*GIVEN DATA*:

↓↓↓

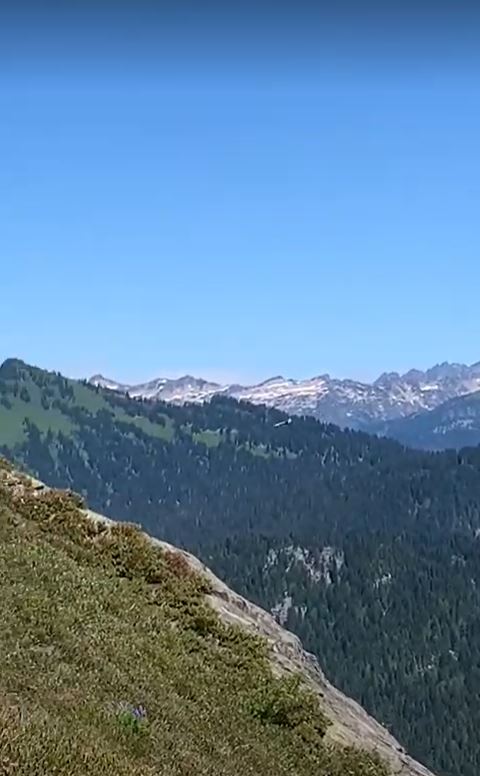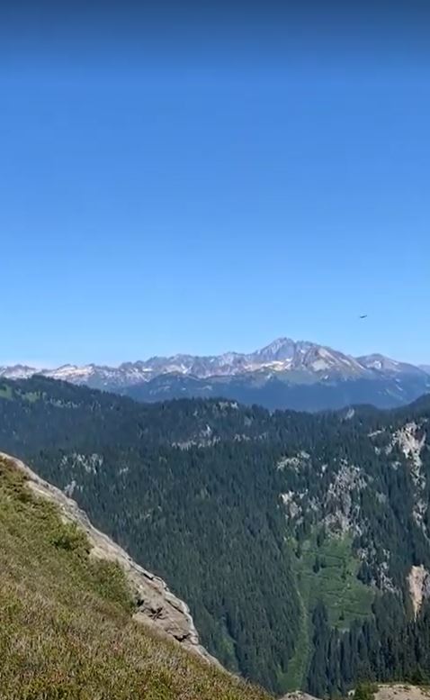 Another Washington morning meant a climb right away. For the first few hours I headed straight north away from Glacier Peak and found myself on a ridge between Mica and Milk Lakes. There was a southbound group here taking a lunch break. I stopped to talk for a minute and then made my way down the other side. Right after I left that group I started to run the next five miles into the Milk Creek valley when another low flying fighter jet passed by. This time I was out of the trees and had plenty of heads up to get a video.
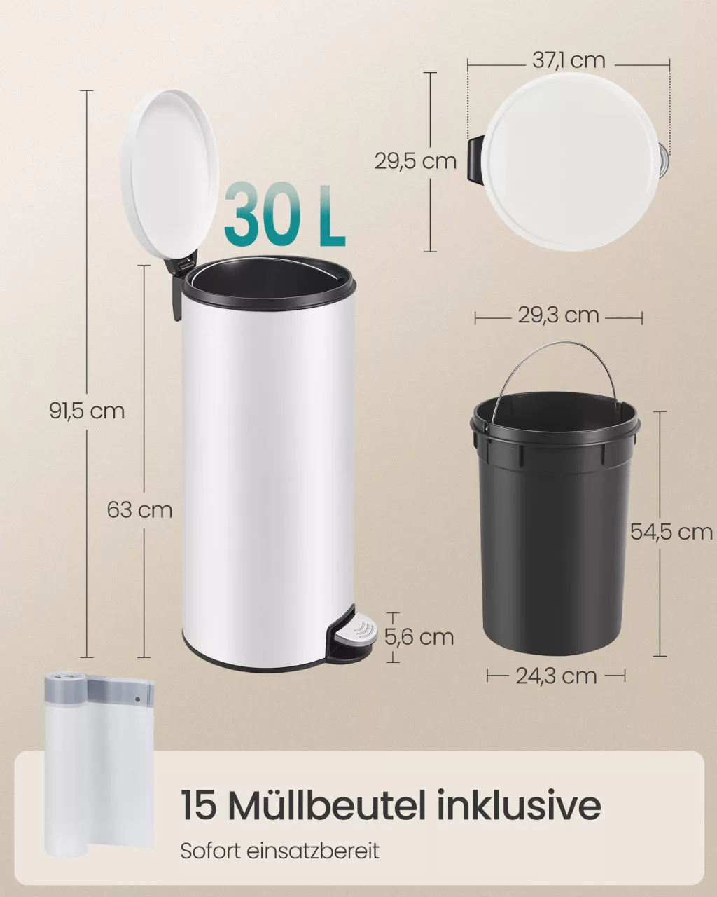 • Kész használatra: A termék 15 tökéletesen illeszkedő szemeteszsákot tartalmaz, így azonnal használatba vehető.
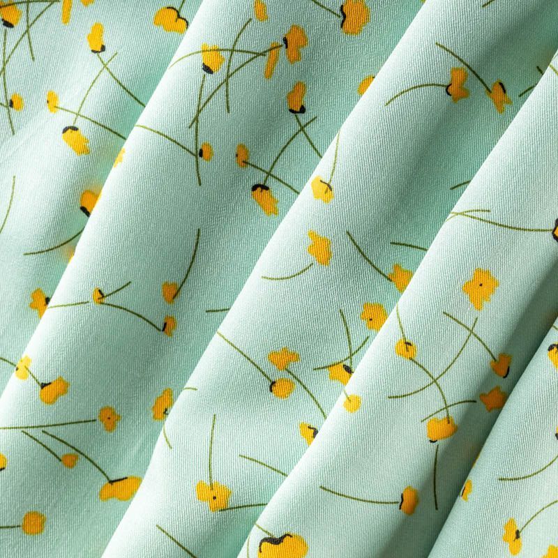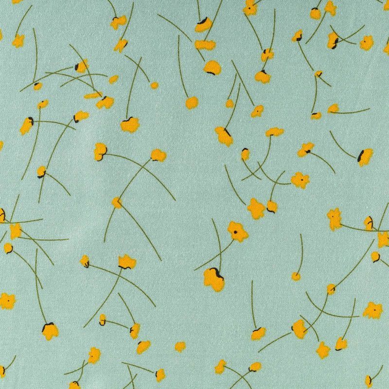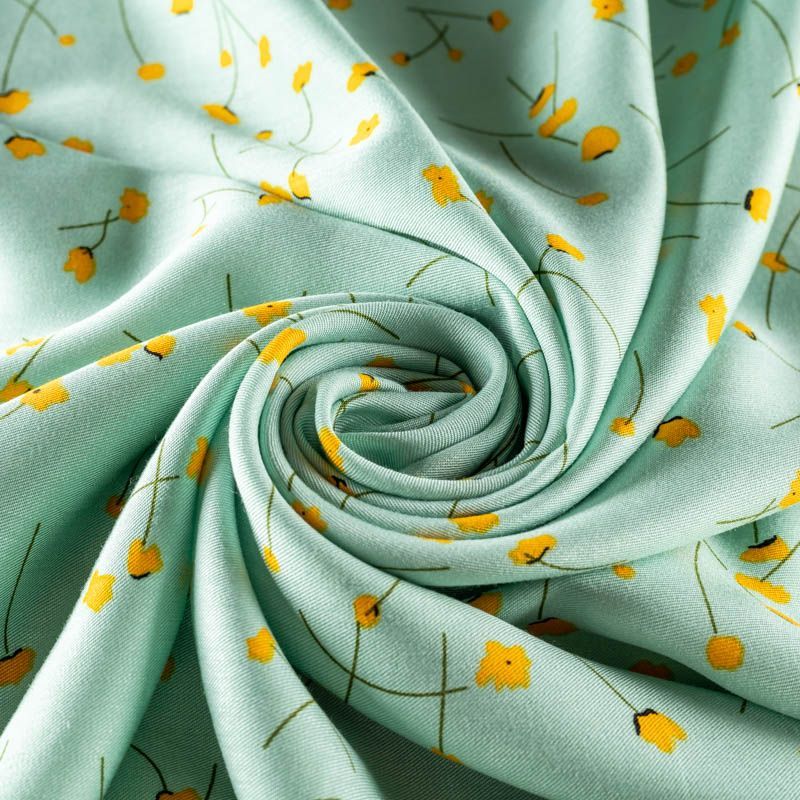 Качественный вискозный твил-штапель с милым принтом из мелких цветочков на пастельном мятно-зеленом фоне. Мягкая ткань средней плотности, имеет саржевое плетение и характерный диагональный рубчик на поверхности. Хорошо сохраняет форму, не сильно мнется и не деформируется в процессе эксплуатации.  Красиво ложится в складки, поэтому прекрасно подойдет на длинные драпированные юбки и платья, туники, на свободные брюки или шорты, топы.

↑↑↑

*EXERCISE DIRECTIONS*: Only what runs from the line with "azonnal használatba vehető." through the last line of the listing above belongs in the answer, set down exactly and free of pictures.

*ANSWER BOX*:
 • Kész használatra: A termék 15 tökéletesen illeszkedő szemeteszsákot tartalmaz, így azonnal használatba vehető.
 Качественный вискозный твил-штапель с милым принтом из мелких цветочков на пастельном мятно-зеленом фоне. Мягкая ткань средней плотности, имеет саржевое плетение и характерный диагональный рубчик на поверхности. Хорошо сохраняет форму, не сильно мнется и не деформируется в процессе эксплуатации.  Красиво ложится в складки, поэтому прекрасно подойдет на длинные драпированные юбки и платья, туники, на свободные брюки или шорты, топы.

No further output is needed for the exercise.